PINRANG – Tidak semua orang berani mengambil langkah besar dalam kariernya. Namun, itulah yang dilakukan oleh seorang mantan staf pembiayaan perbankan yang kini resmi menyandang gelar pengacara. Dia adaah Musakkar Pawarui. Perjalanan karier pria kelahiran Kabupaten Pinrang itu menginspirasi banyak orang, terutama generasi muda yang tengah mencari arah hidup.
Awalnya, ia menghabiskan hampir satu dekade bekerja di sektor keuangan, khususnya di bidang pembiayaan dan kredit. Setiap hari ia berkutat dengan angka, laporan keuangan, hingga analisis risiko. Meski terlihat mapan, di dalam dirinya tersimpan keinginan lama: terjun ke dunia hukum.
“Dulu setiap kali bertemu dengan perjanjian kredit atau kontrak pembiayaan, saya selalu tertarik pada aspek hukumnya. Dari situ, saya mulai merasa bahwa mungkin jalan hidup saya bukan hanya di angka, tapi juga di pasal-pasal hukum,” ujar Musakkar saat ngobrol santai di salah satu warkop di Kabupaten Pinrang.
Dorongan itu kata dia membuatnya mengambil langkah berani melanjutkan pendidikan hukum sambil tetap bekerja. Butuh disiplin ekstra untuk menyeimbangkan pekerjaan dan kuliah, namun ketekunannya berbuah manis. Setelah lulus, ia mengikuti pendidikan khusus profesi advokat (PKPA) dan resmi disumpah sebagai pengacara.

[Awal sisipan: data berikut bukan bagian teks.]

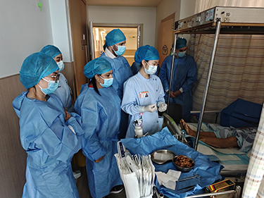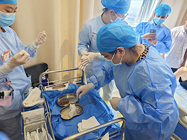 交流会结束后,代表团前往烧伤整形中心病区进行观摩,深入了解了天然气爆炸造成的大面积烧伤患者、热水泥导致的头面部烧伤患者等的治疗流程。代表团积极协助创面专科护士进行换药,通过实践操作及床旁讲解更加清晰地了解到换药过程中的操作要点,以及再生医疗技术联合多技术治疗的优势。

Kini, perannya berubah total. Dari yang dulunya melayani nasabah dalam urusan pembiayaan, ia kini menjadi penasihat hukum bagi klien yang menghadapi sengketa perdata, pidana maupun persoalan bisnis. Menurutnya, pengalaman di dunia keuangan justru menjadi modal penting dalam praktik hukum.
“Latar belakang saya di pembiayaan membuat saya lebih paham konteks bisnis dan risiko finansial yang dihadapi klien. Jadi ketika menangani kasus, saya bisa melihat masalah dari dua sisi: hukum dan keuangan,” jelasnya.
Perjalanan karier ini menjadi bukti bahwa tidak ada kata terlambat untuk mengejar passion. Ia berharap kisahnya bisa memotivasi banyak orang untuk berani mengambil keputusan besar demi masa depan.
“Jangan takut berbelok. Kadang jalan baru justru membawa kita lebih dekat pada tujuan hidup yang sebenarnya,” tutupnya.